Problem statement:
With pictures omitted, output the records below exactly as they appear.

........

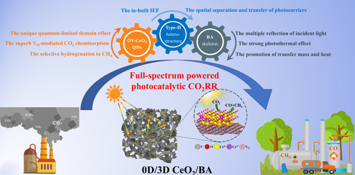 近日,我校能源材料与化工学院邓崇海团队在针对温室气体二氧化碳资源化转化为高附加值合成气(甲烷)方面取得重要研究进展,相关研究成果发表于工程材料类国际权威期刊《Chemical Engineering Journal》(中科院一区TOP,影响因子13.2),题为《Interfacial engineering of 0D/3D CeO2/BA nanoarchitectures for highly efficient and selective CO2 photo-reduction to CH4 based on full-spectrum solar-energy utilization》。
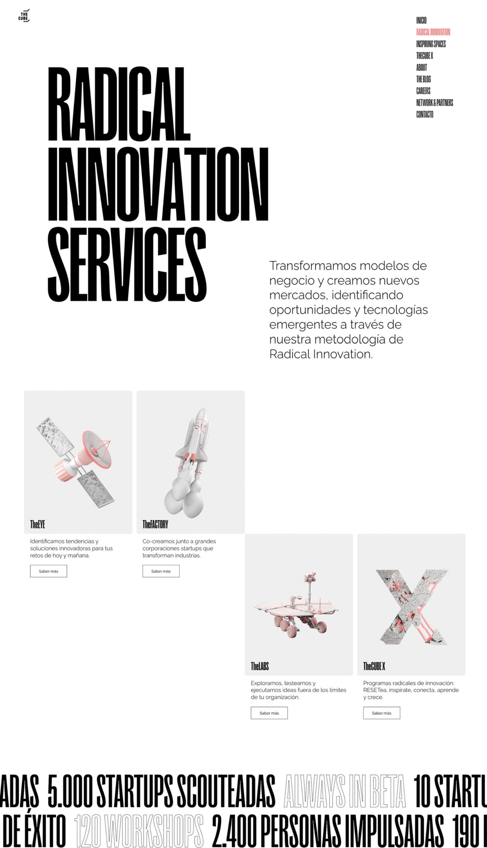 We developed a dynamic and innovative design focused on user experience. Using 3D elements and animations, we created an interactive environment that encouraged users to explore The Cube’s universe, reinforcing its identity with spatial graphics and movement.
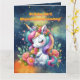 Cute Whimsical Floral Unicorn Girly Kids Birthday Card
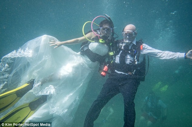 La pareja intercambió anillos en el fondo del océano, se dio el beso de rigor e hizo caso como pudo a los ademanes del juez de la ceremonia, también equipado para la ocasión.
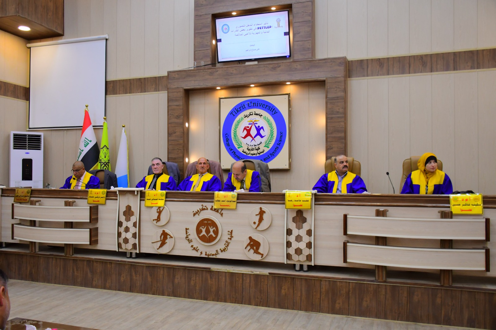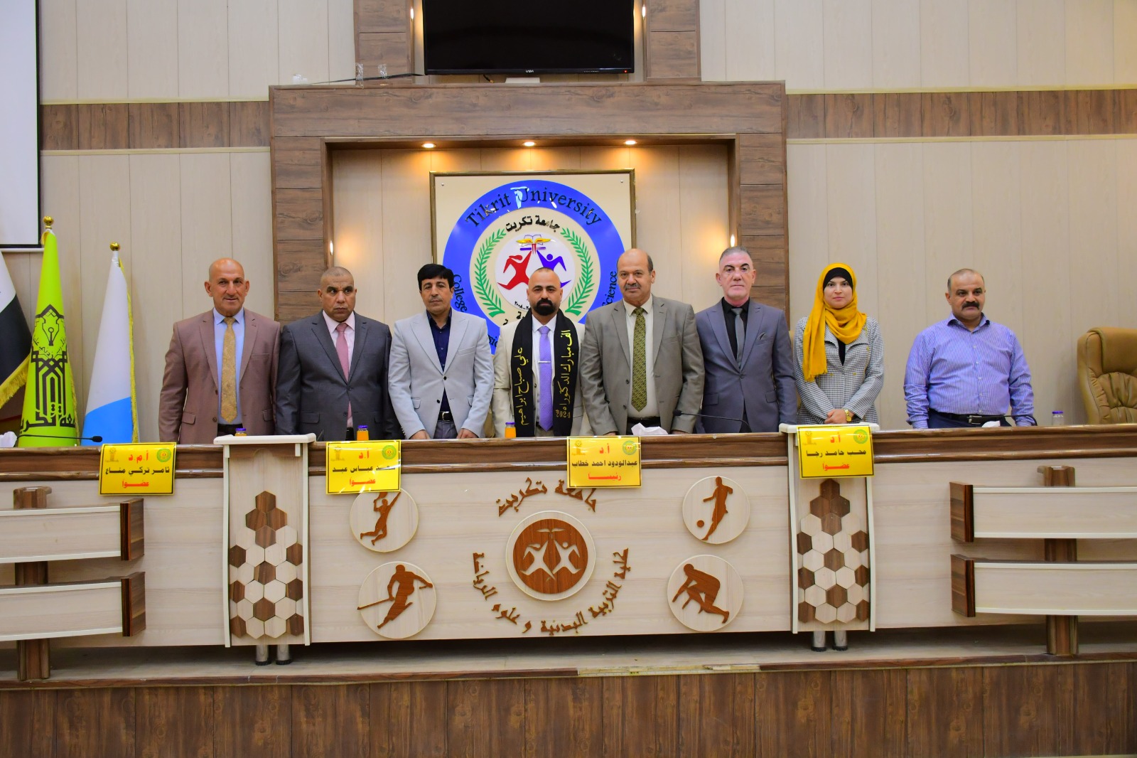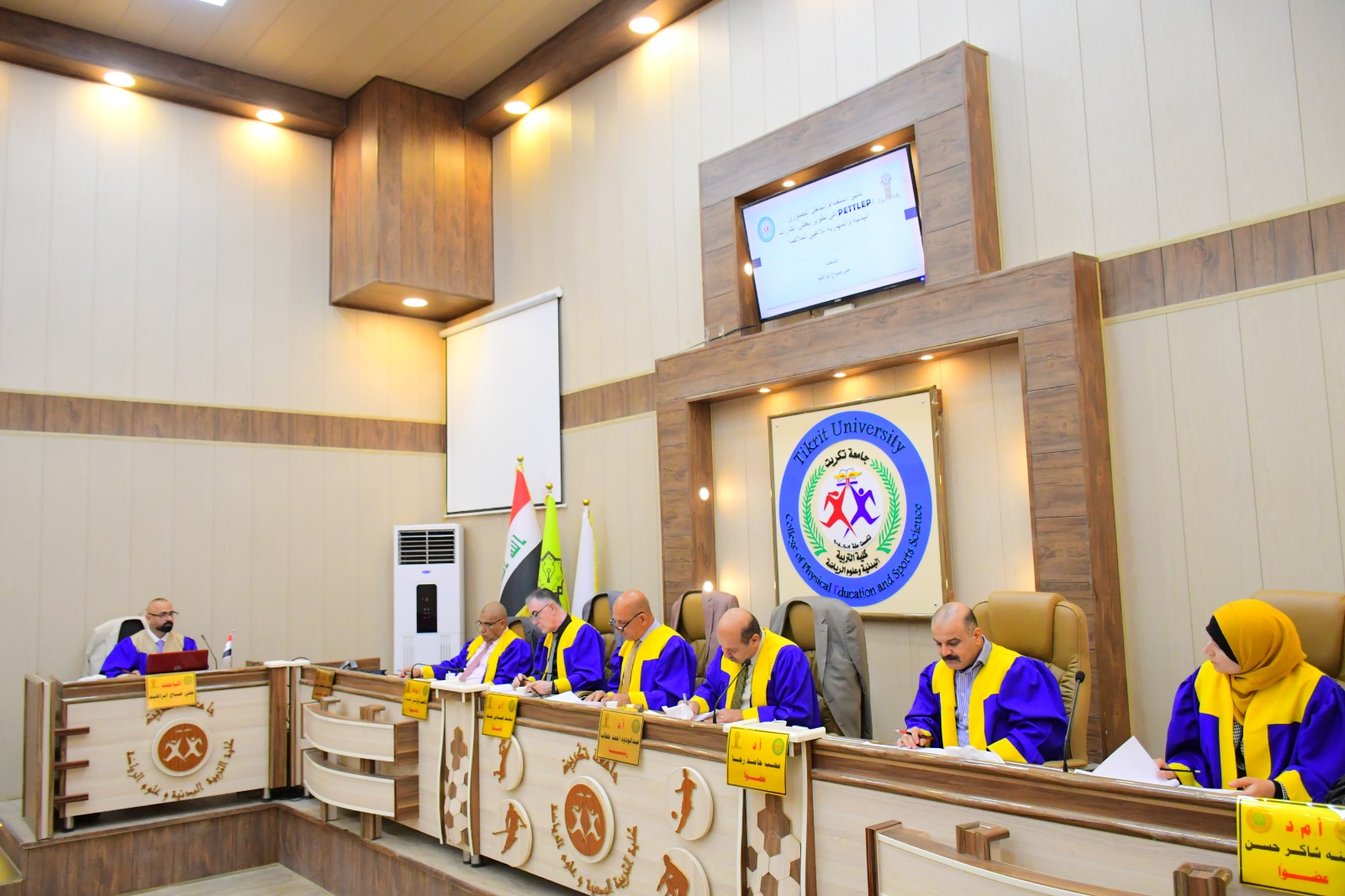 ناقشت كلية التربية البدنية وعلوم الرياضة في جامعة تكريت اطروحة طالب الدكتوراه ( علي صباح ابراهيم ) الموسومة ( تأثير استخدام التداخل التصوري(PETTLEP) في تطوير بعض القدرات البدنية والمهارية للاعبي الملاكمة ) وذلك يوم الاثنين الموافق 2024/5/27 و على قاعة المناقشات الكبرى في كلية التربية البدنية وعلوم الرياضة - جامعة تكريت ، وقد حضر المناقشة عميد الكلية الاستاذ المساعد الدكتور عبدالله محمد طياوي ، وقد أثنى على الجهود المبذولة من قبل الاساتذة المناقشين مثمناً دقة ملاحظاتهم وصوابها والمستوى العلمي الكبير لهذه المناقشات ودورها في تحقيق الرصانة العلمية والمستوى العلمي الذي تطمح وتسعى إليه كليتنا وبما يليق بجامعة تكريت كمنارة وصرح علمي كبير. وتألفت لجنة المناقشة من السادة المدرجة اسمائهم ادناه :
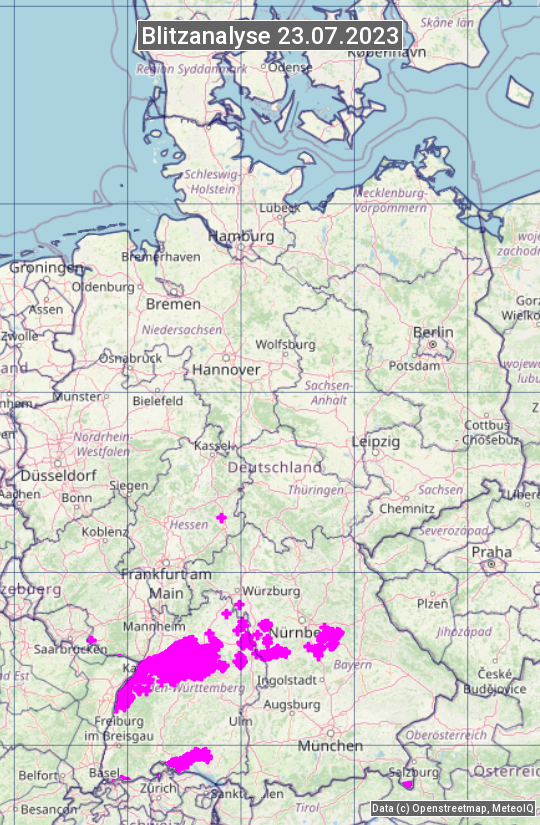 Die Blitzübersicht zeigt alle registrierten Blitze am 23.07.2023. Sie basiert auf dem Blitzortungssystem Blids der Firma Siemens.
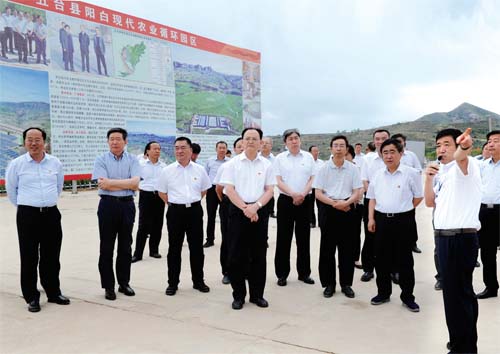 圖為省人大常委會(huì)副主任、市委書記李俊明帶領(lǐng)觀摩人員在五臺(tái)縣特色農(nóng)業(yè)產(chǎn)業(yè)扶貧陽(yáng)白現(xiàn)代農(nóng)業(yè)循環(huán)園區(qū)聽取情況介紹。本報(bào)記者 劉紀(jì)森 攝
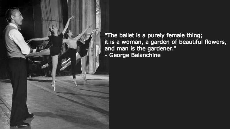 “The ballet is a purely female thing; it is a woman, a garden of beautiful flowers, and man is the gardener.”- George Balanchine (born on this date in 1904)

........

Solution:
 近日,我校能源材料与化工学院邓崇海团队在针对温室气体二氧化碳资源化转化为高附加值合成气(甲烷)方面取得重要研究进展,相关研究成果发表于工程材料类国际权威期刊《Chemical Engineering Journal》(中科院一区TOP,影响因子13.2),题为《Interfacial engineering of 0D/3D CeO2/BA nanoarchitectures for highly efficient and selective CO2 photo-reduction to CH4 based on full-spectrum solar-energy utilization》。
 We developed a dynamic and innovative design focused on user experience. Using 3D elements and animations, we created an interactive environment that encouraged users to explore The Cube’s universe, reinforcing its identity with spatial graphics and movement.
 Cute Whimsical Floral Unicorn Girly Kids Birthday Card
 La pareja intercambió anillos en el fondo del océano, se dio el beso de rigor e hizo caso como pudo a los ademanes del juez de la ceremonia, también equipado para la ocasión.
 ناقشت كلية التربية البدنية وعلوم الرياضة في جامعة تكريت اطروحة طالب الدكتوراه ( علي صباح ابراهيم ) الموسومة ( تأثير استخدام التداخل التصوري(PETTLEP) في تطوير بعض القدرات البدنية والمهارية للاعبي الملاكمة ) وذلك يوم الاثنين الموافق 2024/5/27 و على قاعة المناقشات الكبرى في كلية التربية البدنية وعلوم الرياضة - جامعة تكريت ، وقد حضر المناقشة عميد الكلية الاستاذ المساعد الدكتور عبدالله محمد طياوي ، وقد أثنى على الجهود المبذولة من قبل الاساتذة المناقشين مثمناً دقة ملاحظاتهم وصوابها والمستوى العلمي الكبير لهذه المناقشات ودورها في تحقيق الرصانة العلمية والمستوى العلمي الذي تطمح وتسعى إليه كليتنا وبما يليق بجامعة تكريت كمنارة وصرح علمي كبير. وتألفت لجنة المناقشة من السادة المدرجة اسمائهم ادناه :
 Die Blitzübersicht zeigt alle registrierten Blitze am 23.07.2023. Sie basiert auf dem Blitzortungssystem Blids der Firma Siemens.
 圖為省人大常委會(huì)副主任、市委書記李俊明帶領(lǐng)觀摩人員在五臺(tái)縣特色農(nóng)業(yè)產(chǎn)業(yè)扶貧陽(yáng)白現(xiàn)代農(nóng)業(yè)循環(huán)園區(qū)聽取情況介紹。本報(bào)記者 劉紀(jì)森 攝
 “The ballet is a purely female thing; it is a woman, a garden of beautiful flowers, and man is the gardener.”- George Balanchine (born on this date in 1904)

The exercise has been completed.